8. The control method of the thermal management system according to claim 7, wherein the heat dissipation system is activated to dissipate heat of the operating fuel cell stack (1) when the fuel cell stack (1) is in a stable operating state, so that the fuel cell stack (1) is maintained at a reasonable operating temperature; the fuel preheater (4) and the radiator (3) radiate the heat of the high-temperature proton exchange membrane fuel cell (14) at a cell end; the cathode and anode fuel air and hydrogen are lower than the operation temperature of the cell and respectively enter the fuel preheater (4) through the air inlet pipe G and the hydrogen inlet pipe H, the fuel preheater (4) is utilized to transfer the heat conducted by the composite temperature-equalizing plate (2) from the fuel cell stack (1) to the fuel therein, and the fuel lower than the operation temperature of the fuel cell stack is heated; the preheated hydrogen and air are respectively sent to the inside of the fuel cell stack (1) through a preheated air inlet pipe A and a preheated hydrogen inlet pipe B, the residual hydrogen is introduced into the anode fuel hydrogen recycling pipeline C, and the residual air and product steam are introduced into the cathode fuel air residual heat recycling pipeline D; the other end of the fuel cell stack (1) utilizes external cold air to dissipate heat of the fuel cell stack (1), a valve (6) on the cooling air inlet pipeline I is opened, the cold air is led into the radiator (3) through the cooling air inlet pipeline I, and the cold air is led into the cooling air outlet pipeline M after absorbing heat conducted by the fuel cell stack.

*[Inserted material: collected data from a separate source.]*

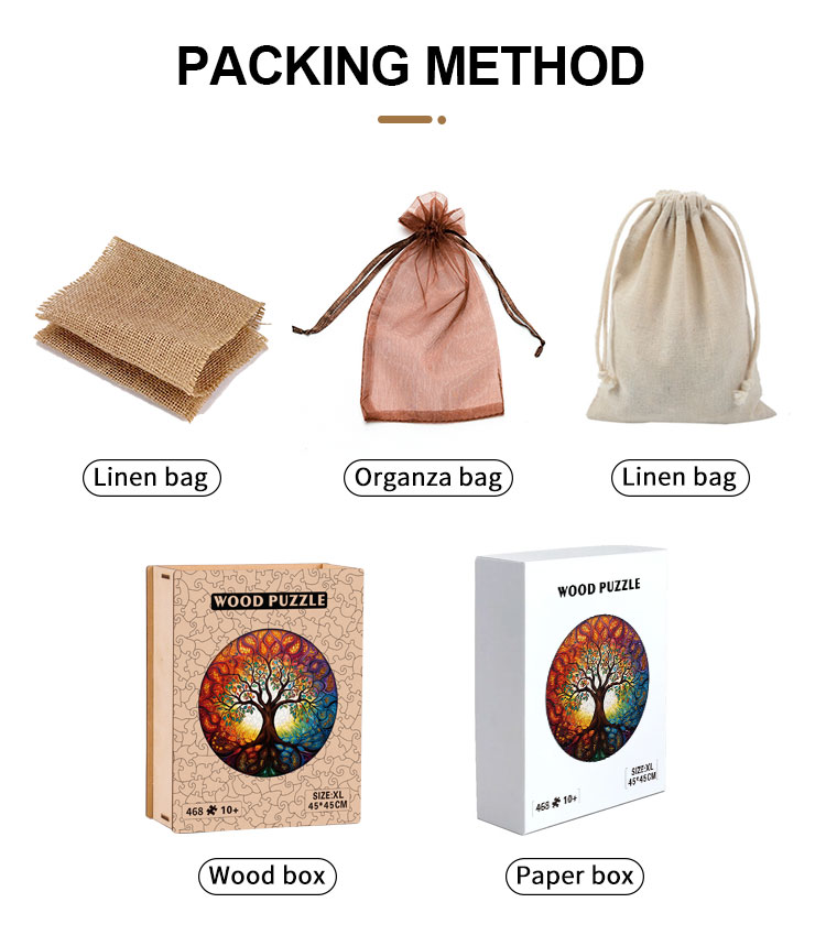 A4: The puzzle can be packaged in a Linen bag, Wood box, Paper box, or Organza bag, suitable for gifting or storage.
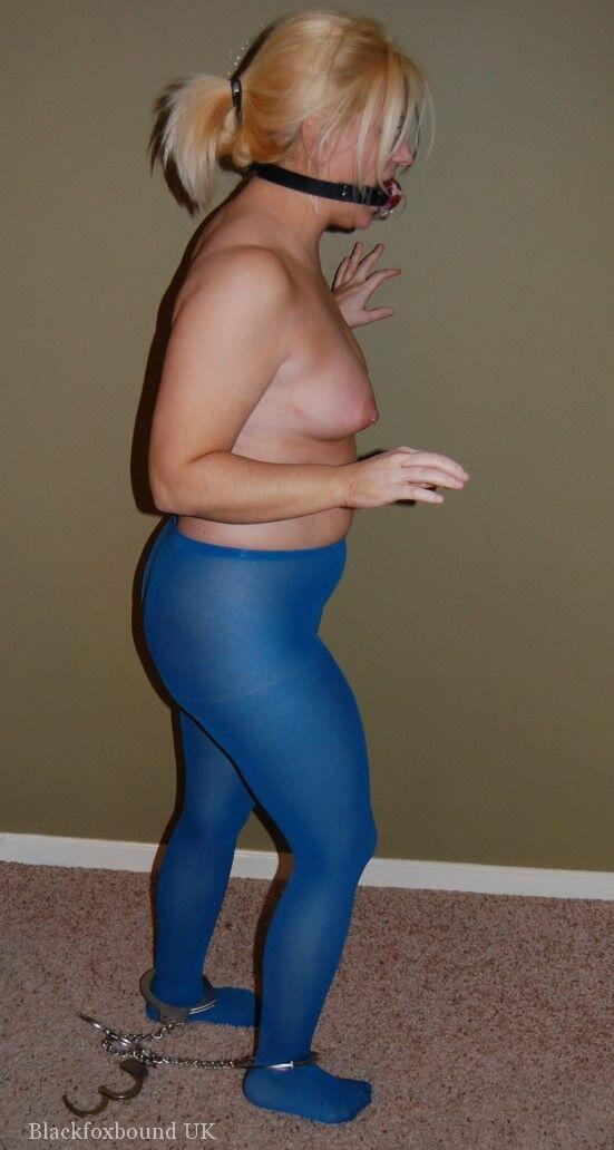 मोटी सुनहरे बालों वाली महिला हाथकड़ियों से बंधी हुई नीले होज में ऊपर के कपड़े के बिना मुंह बंद - गैलरी जानकारी
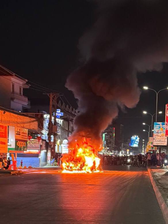 ភ្នំពេញ៖ បុរសម្នាក់បានបើករថយន្តម៉ាកឡង់គ្រ័រមួយគ្រឿងតាមបណ្តោយផ្លូវសុខៗស្រាប់តែហុយផ្សែងចេញពីខាងក្រោមបង្កទៅជាអគ្គិភ័យឆាបឆេះរាលដាលយ៉ាងសន្ធោសន្ធៅ ផ្អើលដល់សមត្ថកិច្ចបញ្ចេញរថយន្តទៅជួយអន្តរាគមន៍បាញ់ពន្លត់ភ្លាមៗ។

9. The method according to claim 8, wherein the remaining hydrogen is passed to the anode fuel hydrogen reuse line C and then passed through the purifier (7) to remove water vapor and phosphoric acid contained therein; mixing the purified hydrogen with the hydrogen in the hydrogen inlet pipe H, and then introducing the mixture into the fuel preheater (4) again to realize the reutilization of the residual hydrogen;

the residual air and product water vapor from the fuel cell stack (1) in the cathode fuel air waste heat utilization pipeline D are mixed with the air in the cooling air outlet pipeline M and are introduced into the air-conditioning heat exchanger (11) through an air mixing pipeline J, and the heat absorbed by the residual air and product water vapor from the fuel cell stack (1) and the air in the cooling air outlet pipeline M from the fuel cell stack (1) is transferred to the air-conditioning inlet air from the air-conditioning heat exchanger (11) through the air-conditioning heat exchanger (11); when the space in the vehicle needs to supply heat, a valve (10) on an air inlet pipeline K of the air-conditioning heat exchanger is opened, and heated air-conditioning inlet air flows to the space in the vehicle through an air outlet pipeline L of the air-conditioning heat exchanger; and finally, discharging the gas discharge pipeline N from the air mixing pipeline J and passing through the air-conditioning heat exchanger (11) to the environment, so as to realize the utilization of the waste heat of the electric pile.